Windows Incident Response: Consistency

I've worked a lot of places over the years, all for varying lengths of time. While this worked against me in the early days, with potential employers wondering why I didn't stay longer at my previous employer, and wondering how long I'd potentially stay with them, this became less of an issue later in my career.

During my career in the private sector, I've run vulnerability assessments, and spent over 26 yrs in digital forensics and incident response, some in FTE roles, and much more in consultant roles.

In 2006, I started in a DFIR consulting role at ISS, which evolved 6 months later when the company purchase by IBM was completed. I then became a "plank owner" of the IBM ISS X-Force ERS team, one of the original members of the team, even before we expanded. When I started, I was provided with a complete outfitting of equipment, including (but not limited to) write-blockers, cabling, laptops, and dongles for EnCase 4.22, EnCase 6.19, and FTK. As our team grew in size, everyone received similar (albeit updated, in some cases) equipment. When I started at ISS, I was one of 4 responders, and we each did our own thing when it came to analysis. There was little in the way of cross-pollination, sharing of experiences, etc. As the new team began to grow, it was a bit before some of us saw the need for consistency across the team.

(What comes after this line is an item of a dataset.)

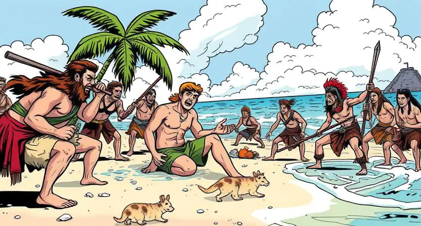 A shipwreck survivor washes up on an island beach, and is immediately surrounded by a group of native warriors…

In 2007, members of our team became certified to conduct PCI forensic investigations, which were subject to very stringent (and somewhat arbitrary) timelines. As part of this, Chris and I developed a process that we shared with all of the team members, using EnCase to conduct all of the searches required by Visa (driving the whole PCI effort at the time), not just the mandatory the credit card number searches. The idea was, in part, to remove the need for individual analysts to have to try to figure out what to do, by giving them a common, documented step-by-step process for completing all of the required activities in a consistent manner. This way, if issues arose, they were easier to troubleshoot. More importantly, having a consistent process meant that there was less room for guesswork, and we had confidence that as long as the process was followed, we'd be able to meet our obligations regarding timeliness. This also left more time for analysts to uncover things like initial access, and other pertinent information, because the guesswork of "what to do next" in order to meet Visa's requirements was no longer something analysts needed to concern themselves with.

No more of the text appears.